Linear tomography . Currently deprecated in the daily clinic. It continues to be used for evaluation of dental arches. In its most frequent use of yesteryear with regard to the evaluation of pulmonary images, it has been completely replaced by chest computed tomography.

Scintigraphy on gamma camera. It allows a correct visualization of the skeleton through the deposit of a radioisotope that acts as a tracer. When this isotope is deposited in increasing amounts at a certain site, it generates an increase in uptake, which is often the expression of a pathological process. It is a useful method to detect destructive lesions at the bone level, as occurs in neoplasms; however, strictly inflammatory diseases, such as rheumatoid arthritis, can produce images that are impossible to differentiate from those of a neoplastic lesion, although similar doubts may arise with common radiographs.
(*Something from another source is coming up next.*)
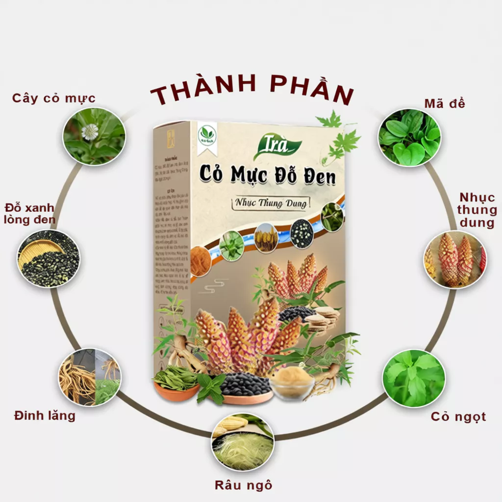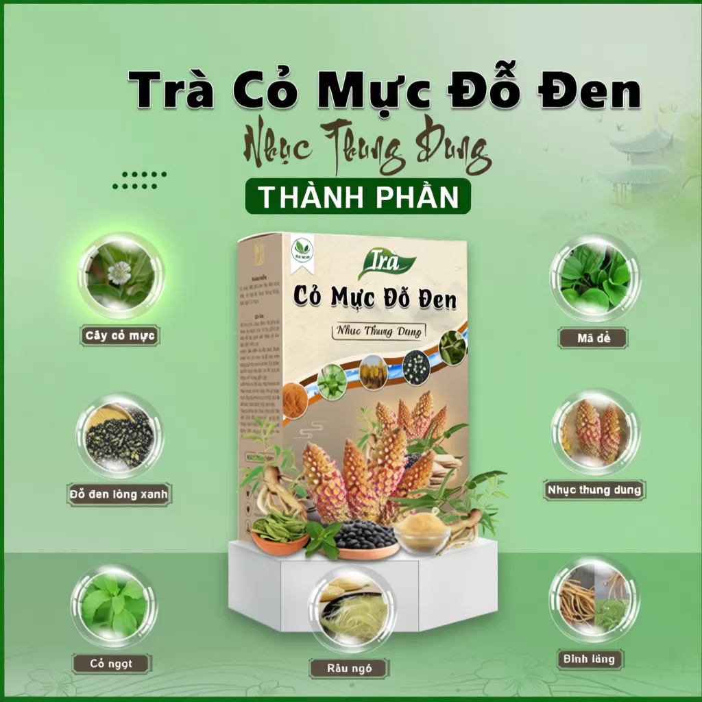 Trà cỏ mực đỗ đen nhục thung dung mang đến giải pháp tự nhiên giúp cải thiện chức năng thận, giảm tiểu bọt và tiểu đêm, đồng thời hỗ trợ làm sạch cơ thể, tăng cường sức khỏe tổng thể.

Scintigraphy can also be used on the brain, liver, spleen, and kidney, but it provides less information on these organs than computed axial tomography and ultrasound.

Ultrasound It has its maximum application in the study of the cardiac cavities, the abdomen and the pelvis. It is useful to visualize the head of the pancreas, liver, gallbladder, gynecological and thyroid organs.
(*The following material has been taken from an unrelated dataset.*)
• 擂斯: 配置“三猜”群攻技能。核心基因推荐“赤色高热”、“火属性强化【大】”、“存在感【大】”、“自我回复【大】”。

Computed axial tomography (CAT). In the thorax, it has advantages over conventional radiology in terms of perception of small and deep parenchymal images. It shows well the nodes of the aortic window and other mediastinal areas, which are inscrutable with flat radiographs. At the abdomen and pelvis level, it allows to discriminate tumor masses of retroperitoneal location, such as lateroaortic lymphadenopathies, renal tumors and liver metastases; in addition, by using an intravenous contrast medium, it enables the functional examination of both urinary tract.
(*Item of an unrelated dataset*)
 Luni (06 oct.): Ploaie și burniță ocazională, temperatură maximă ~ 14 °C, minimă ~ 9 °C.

Nuclear magnetic resonance. It is a very useful imaging methodology, even superior to computed axial tomography to detect lesions in the central nervous system, being able to differentiate between areas of hemorrhage and tumor mass, it also has good definition for cerebral edema and can reveal tumor invasion of the meninges . In the case of lymphadenopathy, it does not seem to provide advantages over the information provided by the computed axial tomography.

Biopsy

With regard to adenopathy, it is preferable that the material be obtained by excision of a node rather than by puncture and aspiration, since in the first case the examination of the complete piece allows for more tissue to be studied, to gain knowledge of the state of the lymph node architecture, and obviate the risk of falling into lymph node areas that eventually do not contain pathology or that are not clearly representative of it, as can happen when performing an aspiration needle puncture.

Lymph node biopsy is required as an essential element for the diagnosis of Hodgkin's disease and lymphomas and needs its complement by immuno-histochemical techniques since in this way cell populations can be differentiated based on their dominant antigens (CD5 +, CD20 + , CD33 +, etc). This nowadays constitutes the necessary basis for the diagnosis and consequently for the correct choice of treatment.

Other times the lymph node biopsy, although it defines a neoplasm, does not allow it to be typified because it is a metastasis, and in this sense the typical case is any carcinoma that invades a lymph node.

In patients with toxoplasmosis, intracellular parasites can be observed in the extracted lymph node with the corresponding histochemical preparation.